Berdasarkan data Antam. Harga jual emas berukuran 0,5 gram senilai Rp408,5 ribu. 2 gram Rp1,48 juta. 3 gram Rp2,2 juta. 5 gram Rp3,66 juta. 10 gram Rp7,25 juta. 25 gram Rp18,03 juta. dan 50 gram Rp35,98 juta.

Kemudian, harga emas berukuran 100 gram senilai Rp71,9 juta, 250 gram Rp179,5 juta, 500 gram Rp358,8 juta, dan 1 kilogram Rp717,6 juta.

Harga jual emas PT Aneka Tambang (Persero) Tbk atau Antam berada di posisi Rp768 ribu per gram pada Jumat (17/1) atau turun Rp4.000 dari Rp772 ribu per gram pada Kamis (16/1). Begitu pula dengan harga pembelian kembali (buyback) turun Rp5.000 dari Rp685 ribu menjadi Rp680 ribu per gram pada hari ini.

Harga jual emas tersebut sudah termasuk Pajak Penghasilan (PPh) 22 atas emas batangan sebesar 0,45 persen bagi pemegang Nomor Pokok Wajib Pajak (NPWP). Bagi pembeli yang tidak menyertakan NPWP memperoleh potongan pajak lebih tinggi sebesar 0,9 persen.

Baca Juga : Kendala Membayangi Produsen Batu Bara Siap untuk Penuhi DMO

Pada perdagangan internasional, harga emas berdasarkan acuan pasar Commodity Exchange COMEX berada di posisi US$1.551,8 per troy ons atau menguat 0,08 persen.

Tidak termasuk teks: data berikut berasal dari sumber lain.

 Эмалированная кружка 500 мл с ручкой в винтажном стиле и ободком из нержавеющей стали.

Sementara harga emas di perdagangan spot stagnan di US$1.552,52 per troy ons pada pagi ini.

Emas Akan Berbalik Melemah?

Analis sekaligus Kepala Riset Monex Investindo Ariston Tjendra mengatakan harga emas akan berbalik melemah pada hari ini. Proyeksinya, harga emas di pasar internasional akan bergerak di kisaran US$1.540 sampai US$1.560 per troy ons pada hari ini.

Ia mengungkapkan harga emas ‘putar balik’ karena sentimen kesepakatan dagang fase pertama Amerika Serikat dan China.

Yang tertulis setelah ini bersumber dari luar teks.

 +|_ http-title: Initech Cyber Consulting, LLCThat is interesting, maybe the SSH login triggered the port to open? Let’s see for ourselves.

Mulanya, kata Ariston, kesepakatan ini memberikan sedikit sentimen negatif karena AS tetap memberlakukan tarif bea masuk impor terhadap produk-produk dari China.

Kebijakan tarif itu baru akan diubah bila kedua negara sudah selesai menyepakati perjanjian dagang fase kedua. Namun, sikap China yang menerima itu membuat pasar kembali optimis dengan kelanjutan dagang damai kedua negara.

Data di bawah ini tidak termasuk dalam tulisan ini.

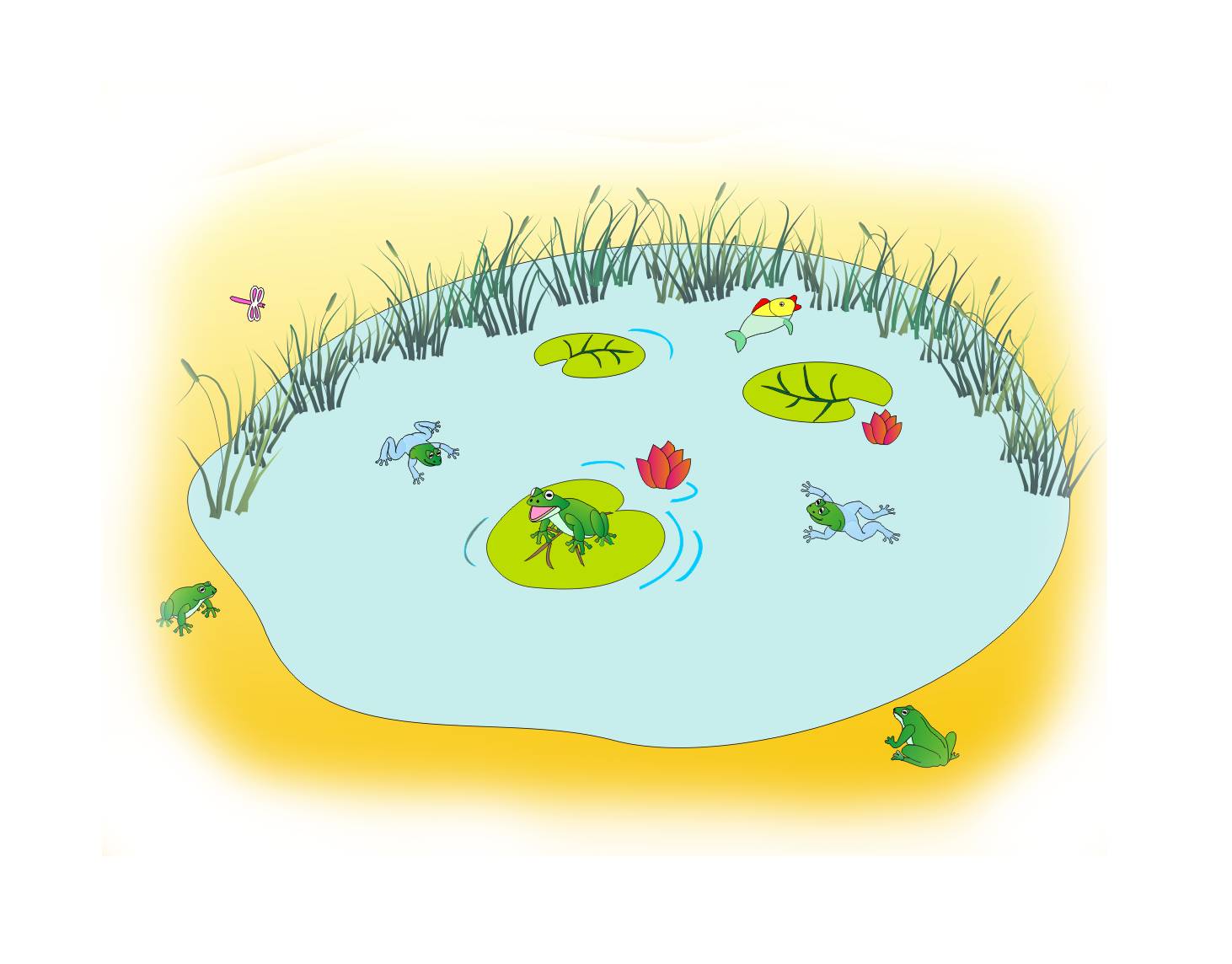 Минут через пять, одна из лягушки осторожненько квакнула. За ней осмелела вторая, третья, четвёртая. Скоро все жители озера громко орали на все голоса. Тогда пожилой человек взял маленький камешек размером с орех прицелился и бросил его в центр водоёма. Земноводные немедленно стихли.

“Kesepakatan ini memperbaiki hubungan dagang AS-China yang bisa membantu memulihkan pertumbuhan ekonomi global,” ungkap Ariston kepada CNNIndonesia.com, Jumat (17/1).

Sontak bursa saham di Negeri Paman Sam menguat usai kesepakatan dagang fase pertama AS-China. Begitu pula dengan tingkat imbal hasil (yield) surat utang atau obligasi AS yang turut menguat.